Aim of the exercise
Leave out all pictures while you copy the lines exactly from the one with "The percentage of" through the last line of the listing.
■ ■ ■ ■
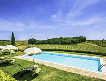 Podere S.Giuseppe, 1 km from Castelnuovo Berardenga: Podere San Giuseppe, situated in a magnificent panoramic position with extensive grounds to enjoy Siena the day and night. The renovation was made with extreme attention to detail, making the very impressive place. Ideal for those who want to enjoy the scenery of the charming hills covered with vineyards of Chianti. Very old, beautiful, comfortable farmhouse "San Giuseppe", renovated in 2004. 15 km from the centre of Terme di Rapolano, 20 km from the centre of Siena, 23 km from the centre of Asciano, on top of a hill, in the countryside. For shared use: natural garden, swimming pool (5 x 12 m, depth 120 - 240 cm, seasonal availability: 15.May. - 30.Sep.) with internal staircase. Outdoor shower, terrace, barbecue. Private: garden furniture. In the house: central heating system, heating available only from 01.11. to 15.04.. Motor access to the house (300 m via unmade road). Parking at the house. Grocery 1 km, restaurant 1 km. Riding stable 8 km. Please note: the owner lives on the same property.Interior
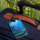 "Ocean's Smile" Denna sjudande undervattensscen visar en graverande delfin som glider igenom kristallklar blå vatten, badad i solljus uppifrån. Delfinen är omgiven av ömtåliga bubblor, svällande havsgräs och färglös korall mitt i rörelse, dess mjuka kropp och milda uttryck som ger en känsla av intelligens och lekhet. En stjärnfisk vilar på havet golv nedanför, vilket gör att det lugnande sjölandskapet blir mer detaljerat.
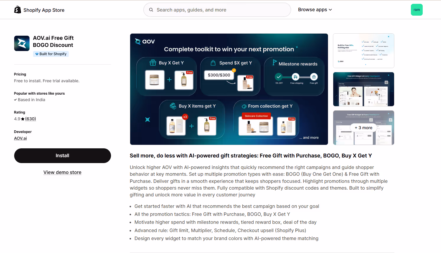 AOV.ai is a Shopify auto-add-to-cart app that pairs gifting with progress bars and an “AI-assisted” setup approach. It’s positioned for merchants who want tiered milestones, segmentation controls, and multi-campaign management.
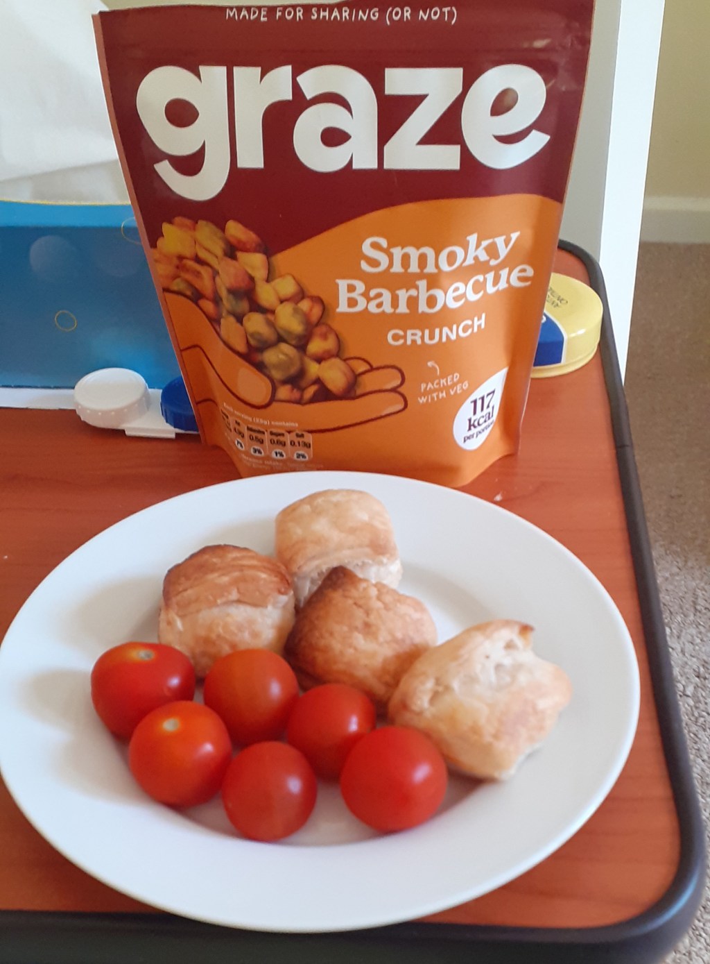So without the easy answer of ‘sandwiches’, what came to mind under carer E’s2 expectant gaze was “umm… cheese and onion rolls?” These are the frozen ones that are the vegetarian equivalent of cocktail sausage rolls, from Iceland as most things are atm, that you just put in the oven for 20 minutes or so to cook the pastry and heat the filling to around 1000°, although thankfully they cool down quickly.
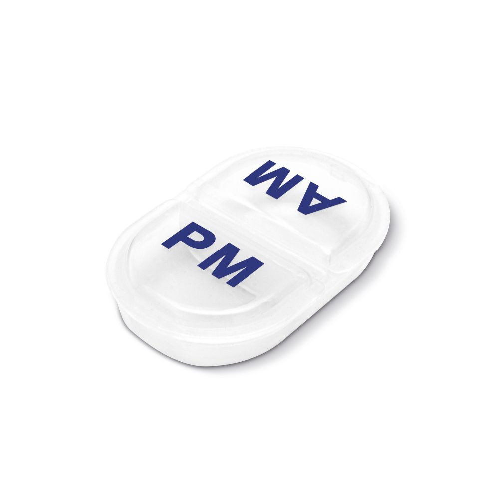 Pastillero con compartimento para organizar el medicamento del día y la noche. Tamaño ideal para llevar en bolsillo o bolsa de mano.
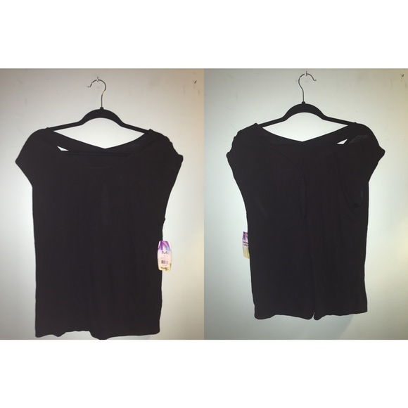 Black casual or work out shirt. 65% polyester 35% rayon. Small open back cut out.
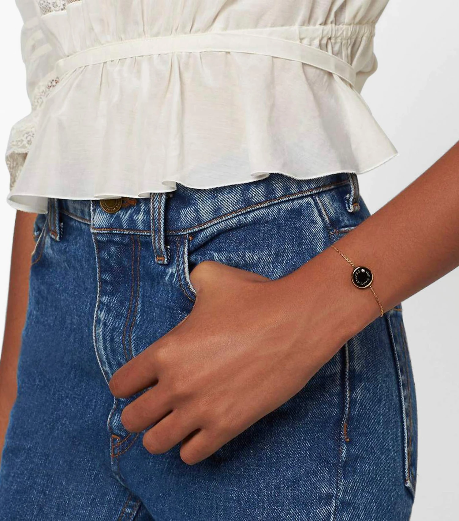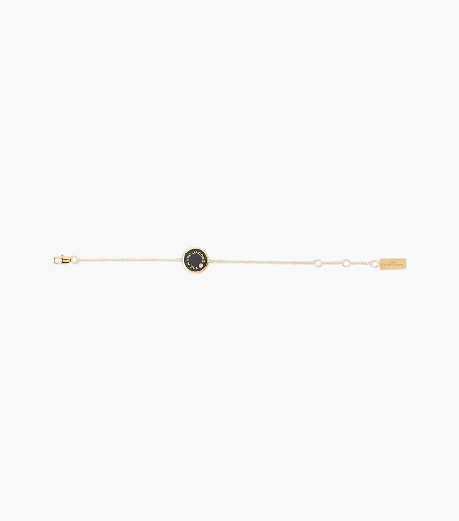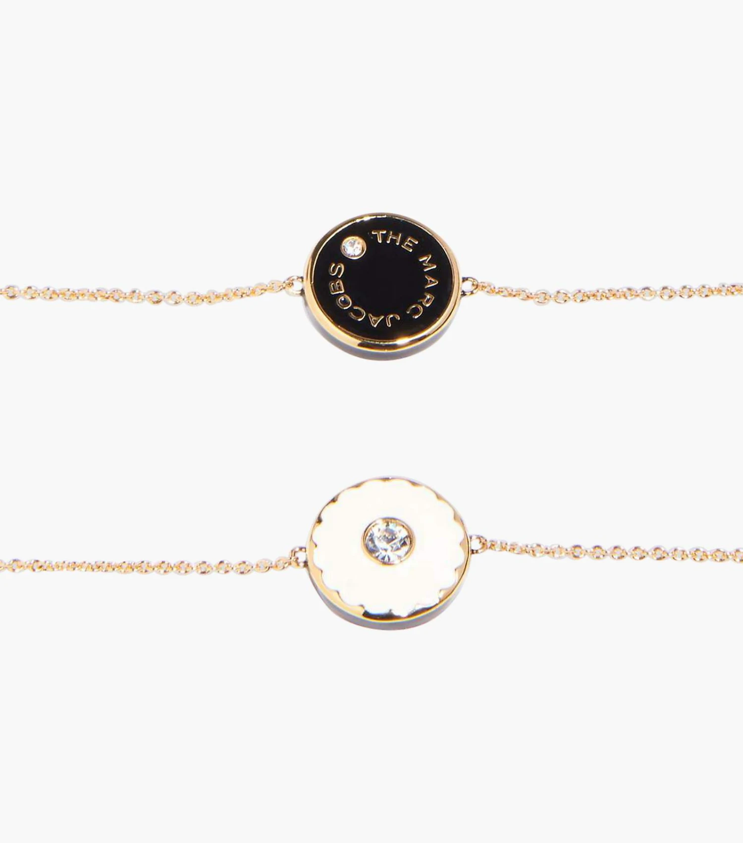 Plated bracelet featuring our iconic enamel medallion in striking color combinations. Each medallion is reversible, showcasing our signature logo on one side and a scalloped edge-surrounded crystal on the other.
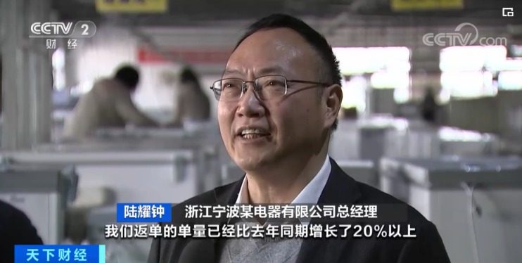 浙江宁波某电器有限公司总经理陆耀钟:今年前两个月,返单的单量已经比去年同期增长了20%以上,其中有老客户的返单,也有新客户的加盟,今年预计比去年同期能增长30%。
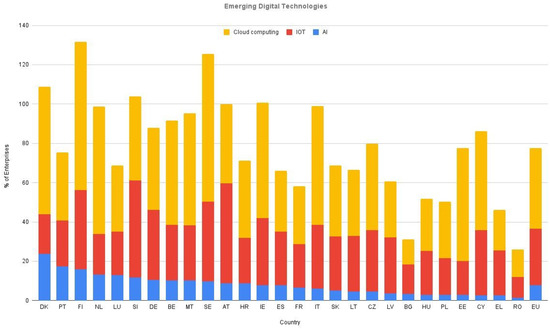 The percentage of organizations that use emerging IoT, AI, and cloud computing digital technologies in EU countries (data source: Eurostat [51]).
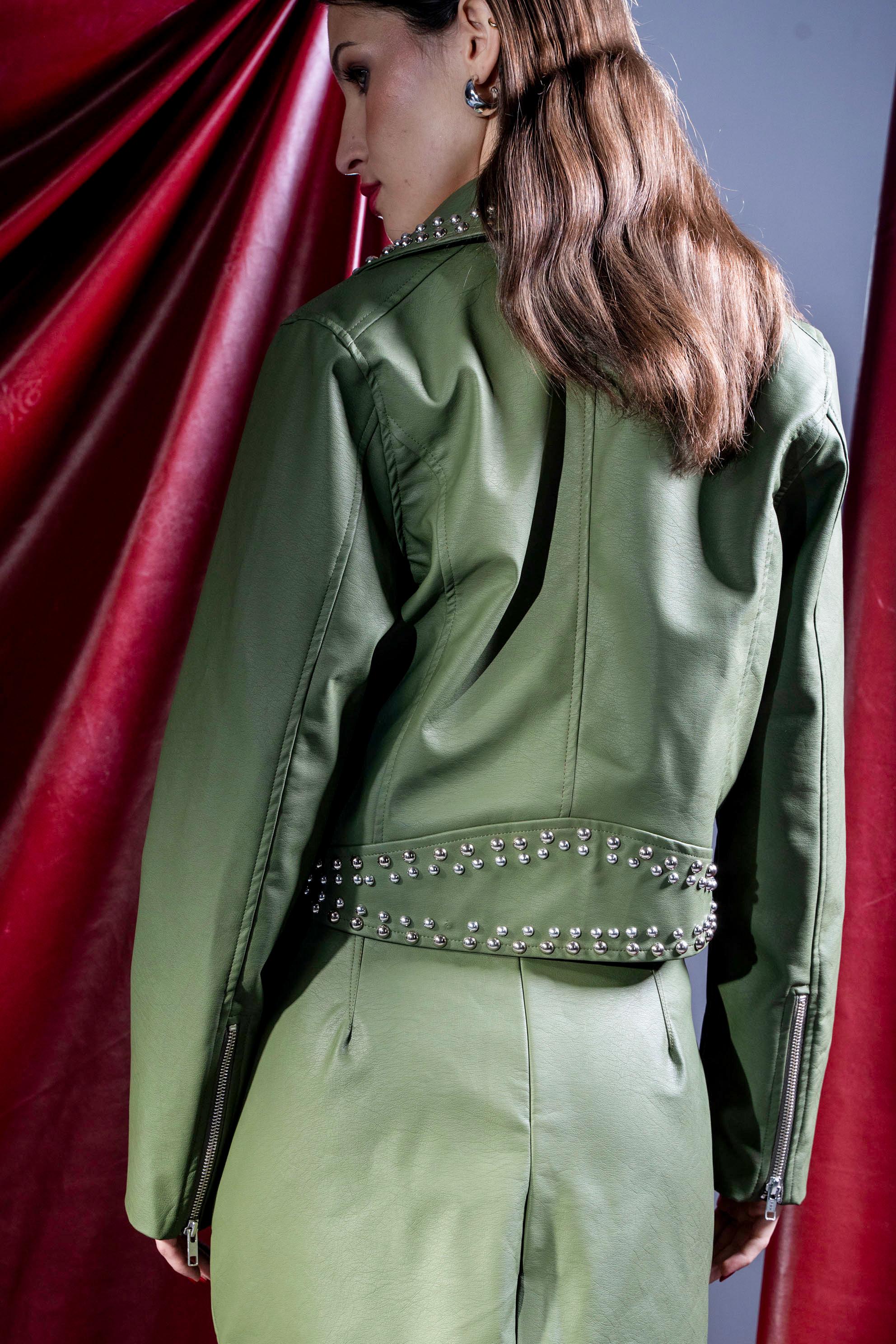 STUDDED CROPPED LEATHER JACKET -OLIVE - is backordered and will ship as soon as it is back in stock.
■ ■ ■ ■
Your solution
 The percentage of organizations that use emerging IoT, AI, and cloud computing digital technologies in EU countries (data source: Eurostat [51]).
 STUDDED CROPPED LEATHER JACKET -OLIVE - is backordered and will ship as soon as it is back in stock.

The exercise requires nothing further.